WHAT TO PRODUCE:
Could you retype the records below exactly as they appear, skipping any pictures?

Stored items
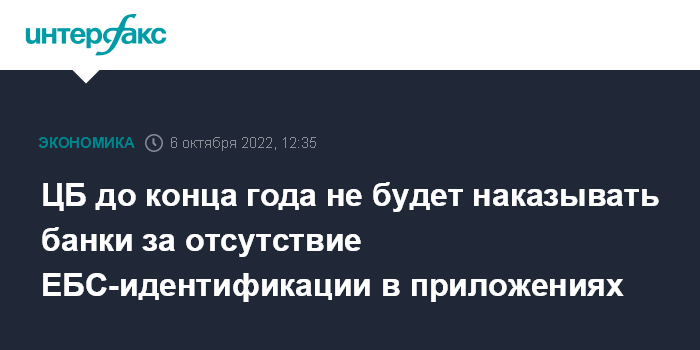 Москва. 6 октября. INTERFAX.RU - Банк России до конца 2022 года не будет применять меры воздействия к банкам, которые не внедрили в своих мобильных приложениях и на сайтах возможность открыть счет или вклад, а также получить кредит с использованием идентификации через Единую биометрическую систему (ЕБС), говорится в сообщении регулятора.
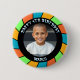 Birthday Boy button. Happy Birthday to you, add name, age and photo to this personalised birthday button. Retro pop art black, orange, blue and green background.
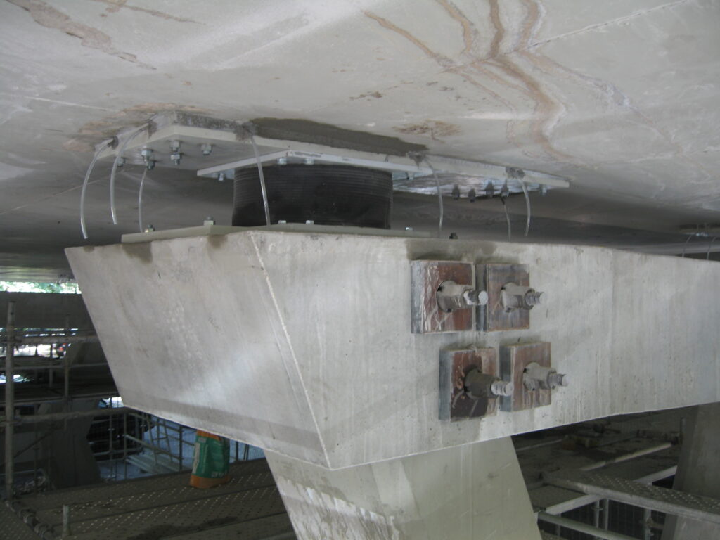 Para este efeito, a intervenção de reforço foi materializada pela introdução de aparelhos de apoio de elastómero cintado com núcleo de chumbo (LRB – Lead Rubber Bearings) e de aparelhos de borracha de alto amortecimento (HDRB – High Damping Rubber Bearings), entre o topo dos pilares e a viga em caixão e entre o topo das vigas do tabuleiro e os encontros.
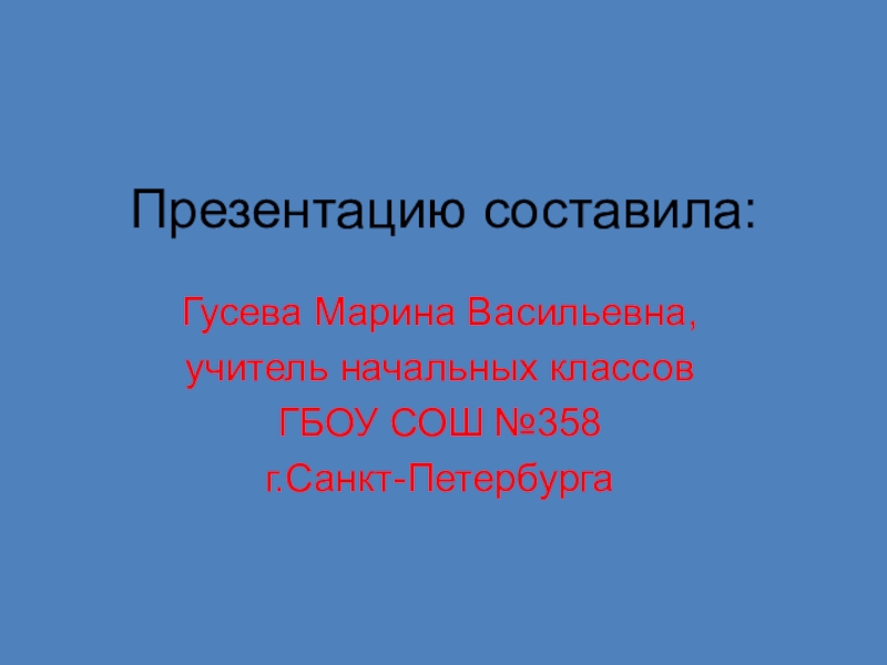 Презентацию составила:Гусева Марина Васильевна,учитель начальных классовГБОУ СОШ №358г.Санкт-Петербурга
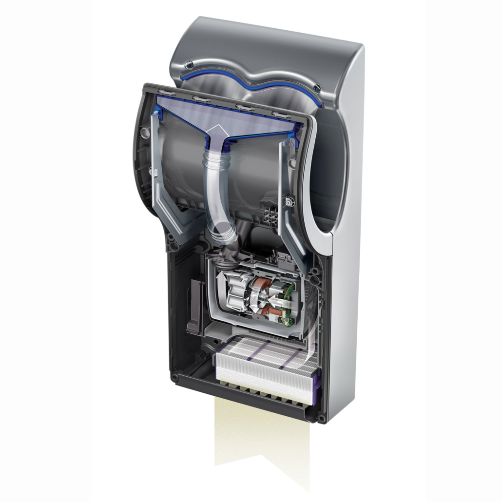 Den originale håndtørrer Dyson Airblade dB blæser 30 liter ren luft ud i sekundet takket være HEPA-filteret. Det sker gennem åbninger, der måler 0,8 mm i bredden. Dette skaber luftstrømme med en hastighed på 690 km/t, hvilket tørrer hænderne hurtigt og hygiejnisk. Luftstrømmene hjælper med at tørre vandet på hænderne, både på håndryggen og håndfladen, så de tørrer på blot 10 sekunder. Håndtørreren Dyson Airblade™ producerer op til 80% mindre CO2 end nogle anden håndtørrer og op til 81% mindre end papirhåndklæder. Dyson Airblade dB har opnået den internationale mærkning HACCP og må derfor anvendes i fødevaremiljøer.

SOLUTION TO THIS EXERCISE:
 Москва. 6 октября. INTERFAX.RU - Банк России до конца 2022 года не будет применять меры воздействия к банкам, которые не внедрили в своих мобильных приложениях и на сайтах возможность открыть счет или вклад, а также получить кредит с использованием идентификации через Единую биометрическую систему (ЕБС), говорится в сообщении регулятора.
 Birthday Boy button. Happy Birthday to you, add name, age and photo to this personalised birthday button. Retro pop art black, orange, blue and green background.
 Para este efeito, a intervenção de reforço foi materializada pela introdução de aparelhos de apoio de elastómero cintado com núcleo de chumbo (LRB – Lead Rubber Bearings) e de aparelhos de borracha de alto amortecimento (HDRB – High Damping Rubber Bearings), entre o topo dos pilares e a viga em caixão e entre o topo das vigas do tabuleiro e os encontros.
 Презентацию составила:Гусева Марина Васильевна,учитель начальных классовГБОУ СОШ №358г.Санкт-Петербурга
 Den originale håndtørrer Dyson Airblade dB blæser 30 liter ren luft ud i sekundet takket være HEPA-filteret. Det sker gennem åbninger, der måler 0,8 mm i bredden. Dette skaber luftstrømme med en hastighed på 690 km/t, hvilket tørrer hænderne hurtigt og hygiejnisk. Luftstrømmene hjælper med at tørre vandet på hænderne, både på håndryggen og håndfladen, så de tørrer på blot 10 sekunder. Håndtørreren Dyson Airblade™ producerer op til 80% mindre CO2 end nogle anden håndtørrer og op til 81% mindre end papirhåndklæder. Dyson Airblade dB har opnået den internationale mærkning HACCP og må derfor anvendes i fødevaremiljøer.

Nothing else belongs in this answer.